The results of the NBC applied to the precipitation cases from the training dataset. The original reflectivity images are shown in Fig. 2.
Citation: Journal of Atmospheric and Oceanic Technology 30, 9; 10.1175/JTECH-D-12-00082.1
d. Application to a case of rain embedded in anaprop
We now evaluate the NBC on a case other than the training dataset. Consider Fig. 13, which is a particularly interesting example as the image contains returns from both anaprop and precipitation. The returns in the northeast quadrant of the image are from anaprop, while those in the southeast are from convective storms. This becomes apparent when examining the PPI obtained at the second radar elevation (top right), where the returns originating from anaprop have disappeared as the radar beam is no longer internally reflected at the temperature and humidity inversion. This is further emphasized when the RHIs at 40° and 112° (reconstructed from the volume scan) are examined; the RHI at 40° only has returns in the lowest elevation, while the RHI at 112° indicates the presence of a well-developed convective storm containing reflectivities greater than 25 dBZ extending above 7 km. The simultaneous presence of both anaprop and precipitation in the same image provides a useful example with which to evaluate the efficacy of the NBC.
An example of anaprop and a convective storm obtained from the Kurnell radar on 22 Jan 2010. Anaprop is present in the northeast and a convective storm in the southeast. (top left) A PPI image obtained at the lowest elevation (0.7°); (top right) a PPI image obtained at the next highest elevation (1.5°). Note the absence of anaprop in the higher elevation. (bottom left) An RHI obtained at an azimuth of 40° through the anaprop; (bottom right) an RHI at 112°, showing the presence of a convective system extending to nearly 10-km height.
Citation: Journal of Atmospheric and Oceanic Technology 30, 9; 10.1175/JTECH-D-12-00082.1
Figure 14 shows the results of applying the NBC to this scene using BCTDBZ and VPDBZ as input feature fields. The PPI images (top row) show that the NBC is effective at distinguishing anaprop from precipitation; however, some precipitation pixels have been misclassified as anaprop. This is further illustrated by the RHI images (bottom row) again at 40° and 112°, which indicate that while the NBC has positively identified anaprop, some precipitation signals have been misclassified.
The results of the NBC applied to Fig. 13 using BCTDBZ and VPDBZ as input feature fields. The NBC has classified the anaprop correctly, completely eliminating the returns in the northeast; however, some pixels that are returns from precipitation have been incorrectly classified as clutter.

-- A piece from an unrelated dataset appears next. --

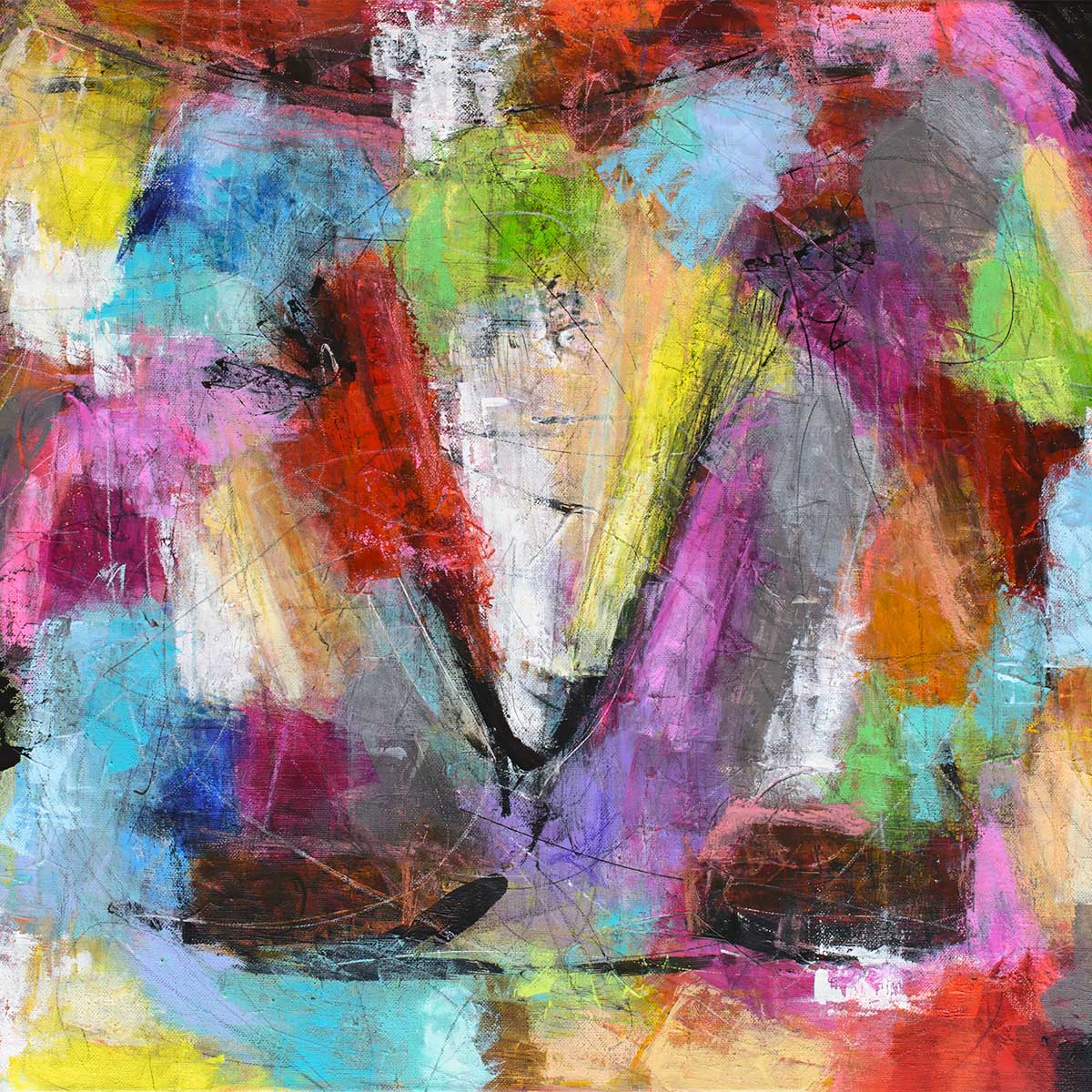 Stort lærredstryk er opbygget omkring et markant, mørkt V-formet penselstrøg, der samler kompositionen og skaber en tydelig visuel akse midt i det farvemættede motiv. Omkring dette centrum folder brede og halvtransparente farvefelter sig ud i lag, hvor hver tone både skjuler og afslører det underliggende arbejde. Det er et motiv med tydelig retning og kraft, men samtidig med en kompleks og sanselig overflade.

Citation: Journal of Atmospheric and Oceanic Technology 30, 9; 10.1175/JTECH-D-12-00082.1
e. The effect of the reflectivity threshold
For the preceding analysis, the minimum reflectivity threshold used (for the evaluation of the feature fields, their conditional PDFs, and for classification) was 10 dBZ, which, for a C-band radar, is near the value one would expect for the initiation of precipitation-sized droplets (Knight and Miller 1993). If values below this are included, then clear-air returns from insects and Bragg scattering from humidity gradients in the atmosphere become enhanced. The effect of setting a minimum reflectivity threshold at −30 dBZ (the smallest value returned by the radar) is shown in the left panel of Fig. 15. There is an increased number of returns close by the radar, especially over land, most likely due to the presence of insects and Bragg scattering. Conditions conducive to Bragg scattering would be expected since the same temperature and humidity gradient that produced anaprop over the sea would be prevalent, although to a lesser extent, over land. Despite the extra returns, when the reflectivity threshold is lowered the NBC did not classify most of the extra returns as precipitation. Since data below 10 dBZ were excluded during development of the NBC, it is interesting that most of the clear-air echoes have been classified as anaprop. Examination of a time sequence of images revealed that the echoes over land close to the radar (corresponding to those classified as precipitation) were due to Bragg scattering while those farther away (classified as anaprop) were caused by insects present after sunset. The NBC may therefore also prove useful in identifying insects and boundary layer humidity gradients; however, this will require further investigation. Nevertheless, for the purposes of data assimilation and QPE, setting a reflectivity threshold near 10 dBZ is advisable and will help mitigate this problem. However, the use of the Doppler wind field (e.g., Rennie et al. 2011) is advisable to identify insect echoes and such research is being undertaken concurrently at the bureau. Furthermore, software is being developed within the bureau that will enable selecting regions of interest and subjectively defining an a priori class to them to determine if and how PDFs of feature fields for insects (for instance) differ from those of anaprop.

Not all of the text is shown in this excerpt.